Required work: Lines to restate from the data below: from the one containing "Gorgeous Four Bedroom" to the one containing "PARD DS35 LRF", both included. Give them again exactly, and only them.

Source data:
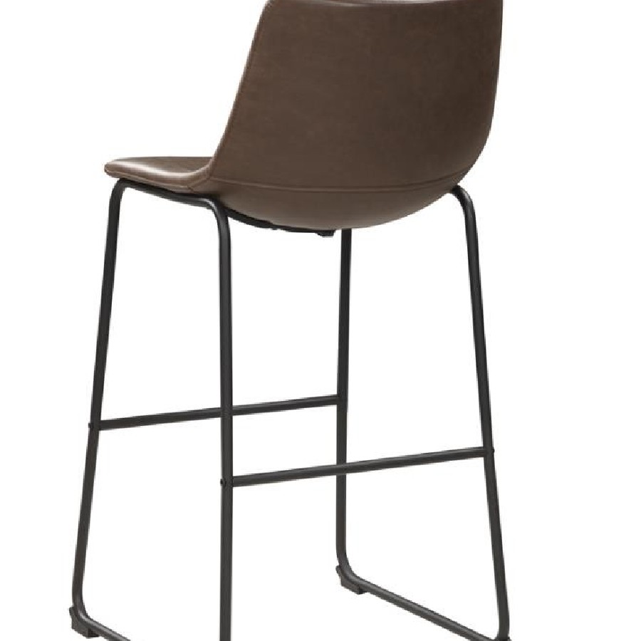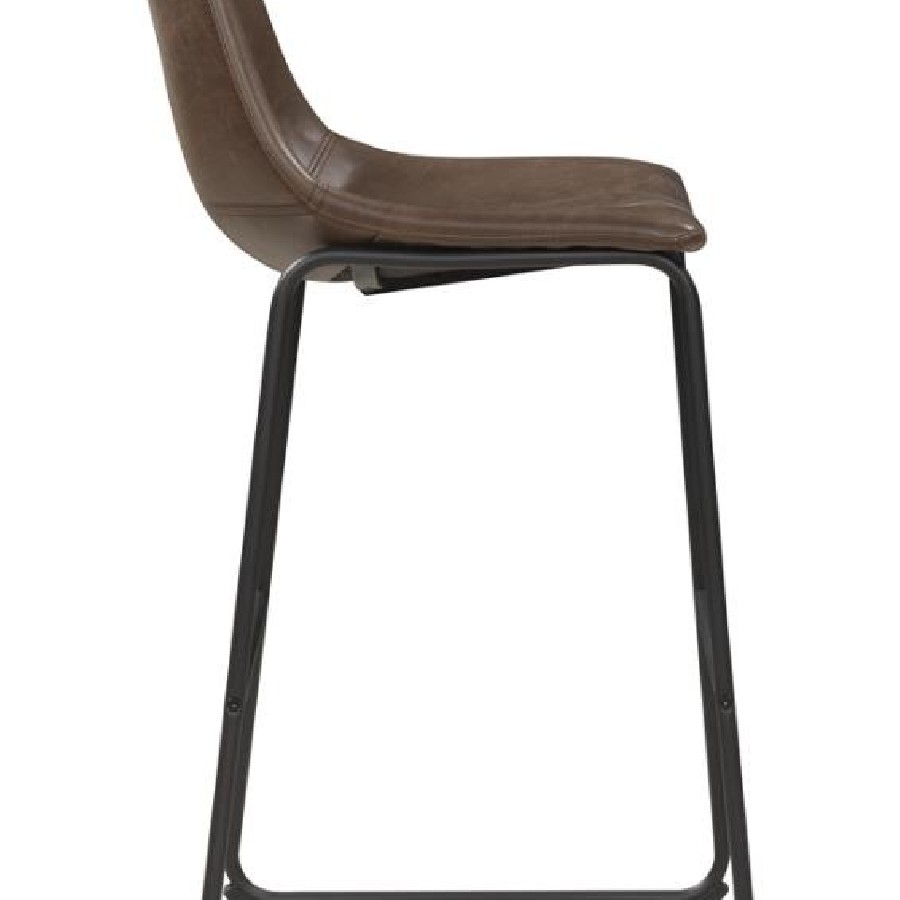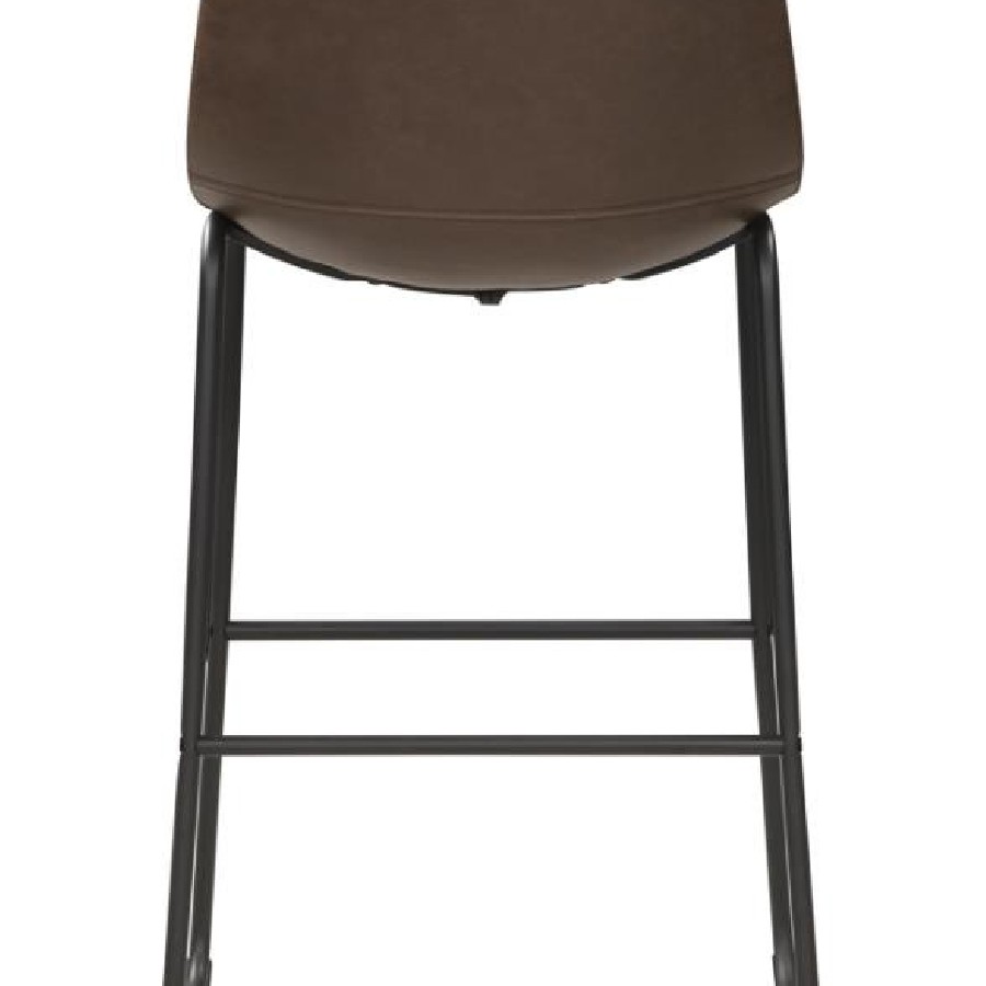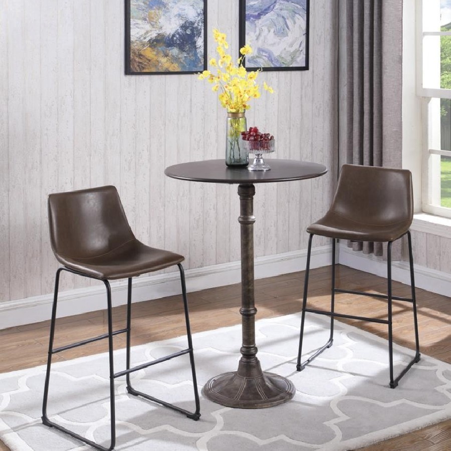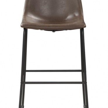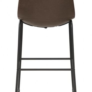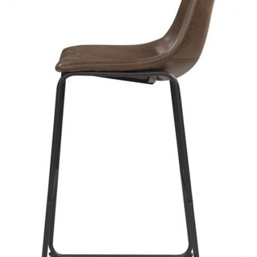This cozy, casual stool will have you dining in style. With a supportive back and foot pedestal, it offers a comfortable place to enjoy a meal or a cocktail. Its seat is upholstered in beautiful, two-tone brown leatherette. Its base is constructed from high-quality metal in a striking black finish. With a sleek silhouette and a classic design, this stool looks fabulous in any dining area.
...
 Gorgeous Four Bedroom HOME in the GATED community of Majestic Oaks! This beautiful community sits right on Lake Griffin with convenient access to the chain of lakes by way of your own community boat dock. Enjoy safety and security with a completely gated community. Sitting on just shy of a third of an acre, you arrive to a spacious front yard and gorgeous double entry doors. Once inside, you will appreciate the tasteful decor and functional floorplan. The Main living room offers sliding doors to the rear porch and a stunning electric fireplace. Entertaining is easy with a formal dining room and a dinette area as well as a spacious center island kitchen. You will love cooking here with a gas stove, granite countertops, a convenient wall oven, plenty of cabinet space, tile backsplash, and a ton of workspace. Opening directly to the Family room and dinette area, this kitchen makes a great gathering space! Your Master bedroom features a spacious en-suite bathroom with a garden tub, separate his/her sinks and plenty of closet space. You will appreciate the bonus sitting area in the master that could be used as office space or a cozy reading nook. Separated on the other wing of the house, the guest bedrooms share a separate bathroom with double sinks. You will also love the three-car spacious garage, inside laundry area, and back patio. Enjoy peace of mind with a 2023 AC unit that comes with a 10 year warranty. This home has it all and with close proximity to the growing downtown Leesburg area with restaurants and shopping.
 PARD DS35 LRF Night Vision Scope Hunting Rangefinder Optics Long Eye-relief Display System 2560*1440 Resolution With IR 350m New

Exercise result:
 Gorgeous Four Bedroom HOME in the GATED community of Majestic Oaks! This beautiful community sits right on Lake Griffin with convenient access to the chain of lakes by way of your own community boat dock. Enjoy safety and security with a completely gated community. Sitting on just shy of a third of an acre, you arrive to a spacious front yard and gorgeous double entry doors. Once inside, you will appreciate the tasteful decor and functional floorplan. The Main living room offers sliding doors to the rear porch and a stunning electric fireplace. Entertaining is easy with a formal dining room and a dinette area as well as a spacious center island kitchen. You will love cooking here with a gas stove, granite countertops, a convenient wall oven, plenty of cabinet space, tile backsplash, and a ton of workspace. Opening directly to the Family room and dinette area, this kitchen makes a great gathering space! Your Master bedroom features a spacious en-suite bathroom with a garden tub, separate his/her sinks and plenty of closet space. You will appreciate the bonus sitting area in the master that could be used as office space or a cozy reading nook. Separated on the other wing of the house, the guest bedrooms share a separate bathroom with double sinks. You will also love the three-car spacious garage, inside laundry area, and back patio. Enjoy peace of mind with a 2023 AC unit that comes with a 10 year warranty. This home has it all and with close proximity to the growing downtown Leesburg area with restaurants and shopping.
 PARD DS35 LRF Night Vision Scope Hunting Rangefinder Optics Long Eye-relief Display System 2560*1440 Resolution With IR 350m New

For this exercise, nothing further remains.